• _Directions for this task_:
Could you give back exactly the lines below from the one with "Das Institut für" through the one with "grilled beef steak", without a single picture?

(Dataset excerpts Opens)

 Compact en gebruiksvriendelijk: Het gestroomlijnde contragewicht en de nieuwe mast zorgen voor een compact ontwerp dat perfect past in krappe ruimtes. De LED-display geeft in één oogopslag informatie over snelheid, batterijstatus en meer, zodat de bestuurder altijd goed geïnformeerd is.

(Dataset excerpts Closes)
(Dataset excerpts Opens)

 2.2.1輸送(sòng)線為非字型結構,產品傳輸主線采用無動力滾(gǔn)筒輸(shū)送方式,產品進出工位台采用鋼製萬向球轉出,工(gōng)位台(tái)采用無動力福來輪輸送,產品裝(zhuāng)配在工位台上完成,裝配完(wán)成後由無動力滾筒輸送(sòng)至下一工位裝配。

(Dataset excerpts Closes)
(Dataset excerpts Opens)

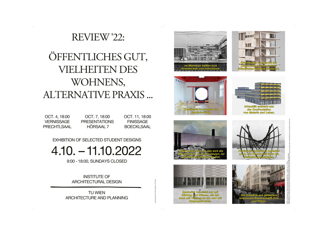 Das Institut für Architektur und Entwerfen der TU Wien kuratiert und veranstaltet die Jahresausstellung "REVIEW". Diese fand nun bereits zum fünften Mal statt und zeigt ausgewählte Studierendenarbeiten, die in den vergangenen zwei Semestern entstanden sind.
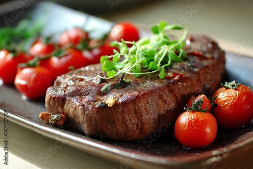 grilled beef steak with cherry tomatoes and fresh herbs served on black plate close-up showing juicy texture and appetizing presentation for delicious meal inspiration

(Dataset excerpts Closes)

• _Answer section_:
 Das Institut für Architektur und Entwerfen der TU Wien kuratiert und veranstaltet die Jahresausstellung "REVIEW". Diese fand nun bereits zum fünften Mal statt und zeigt ausgewählte Studierendenarbeiten, die in den vergangenen zwei Semestern entstanden sind.
 grilled beef steak with cherry tomatoes and fresh herbs served on black plate close-up showing juicy texture and appetizing presentation for delicious meal inspiration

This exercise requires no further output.